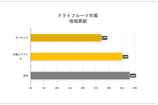 北米地域 のドライフルーツ市場は、CAGR7.8%と堅調に成長しています。2020年、米国はドライフルーツ市場を226百万米ドルで輸出しました。また、ドライフルーツは米国で509番目に輸出された製品となっています。主な輸出先は、カナダ3770万ドル、日本3230万ドル、メキシコ1960万ドル、ドイツ1610万ドル、中国1290万ドルです。プルーンの場合、最大の生産国はやはり米国(43%)です。報告によると、米国における一人当たりのプルーンの消費量は約 0.24 ポンドに達しました。ナツメヤシは、ドライ フルーツの 1 人あたりの消費量が最も多いものの 1 つでもあります。
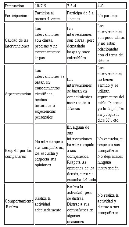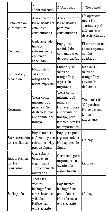 La evaluación de la unidad fue de carácter continuo. La unidad didáctica se consideró aprobada cuando el alumno adquirió los conocimientos mínimos de la asignatura que marca la legislación (Decret de les Illes Balears 34/2015) y las competencias necesarias para redactar el artículo científico, elaborar el cuaderno y participar en los debates de bioética con una visión crítica, lógica y respetuosa con los demás. El artículo científico suponía un 70% de la nota final, el cuaderno de laboratorio un 20% y los debates sobre bioética un 10%. Estas actividades se evaluaron mediante la utilización de diferentes rúbricas (tablas 1-3).
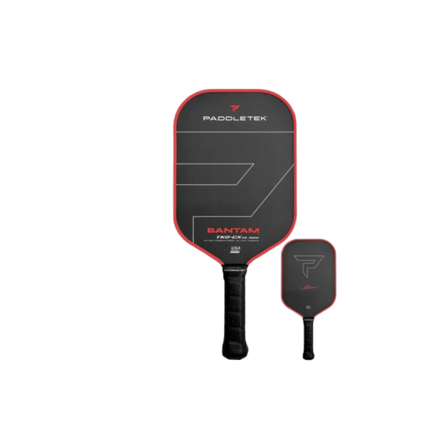 The Paddletek Bantam TKO-CX pickleball paddle (XL handle) was designed in conjunction with top pickleball pro, Christian Alshon, to provide a combination of power, spin, and reach. PT-700 unidirectional RAW carbon fiber is combined with our legendary 14.3 mm Bantam core to give serious players max power and spin capability. A 5 3⁄4” handle reduces wind drag and allows for a two-handed backhand, while a 16 1⁄2 ” overall paddle length increases speed at the point of contact—exponentially increasing power with every hit.

(EXERCISE): Images are to be left out; everything else in the material must be written out exactly.

(ANSWER SECTION):
 北米地域 のドライフルーツ市場は、CAGR7.8%と堅調に成長しています。2020年、米国はドライフルーツ市場を226百万米ドルで輸出しました。また、ドライフルーツは米国で509番目に輸出された製品となっています。主な輸出先は、カナダ3770万ドル、日本3230万ドル、メキシコ1960万ドル、ドイツ1610万ドル、中国1290万ドルです。プルーンの場合、最大の生産国はやはり米国(43%)です。報告によると、米国における一人当たりのプルーンの消費量は約 0.24 ポンドに達しました。ナツメヤシは、ドライ フルーツの 1 人あたりの消費量が最も多いものの 1 つでもあります。
 La evaluación de la unidad fue de carácter continuo. La unidad didáctica se consideró aprobada cuando el alumno adquirió los conocimientos mínimos de la asignatura que marca la legislación (Decret de les Illes Balears 34/2015) y las competencias necesarias para redactar el artículo científico, elaborar el cuaderno y participar en los debates de bioética con una visión crítica, lógica y respetuosa con los demás. El artículo científico suponía un 70% de la nota final, el cuaderno de laboratorio un 20% y los debates sobre bioética un 10%. Estas actividades se evaluaron mediante la utilización de diferentes rúbricas (tablas 1-3).
 The Paddletek Bantam TKO-CX pickleball paddle (XL handle) was designed in conjunction with top pickleball pro, Christian Alshon, to provide a combination of power, spin, and reach. PT-700 unidirectional RAW carbon fiber is combined with our legendary 14.3 mm Bantam core to give serious players max power and spin capability. A 5 3⁄4” handle reduces wind drag and allows for a two-handed backhand, while a 16 1⁄2 ” overall paddle length increases speed at the point of contact—exponentially increasing power with every hit.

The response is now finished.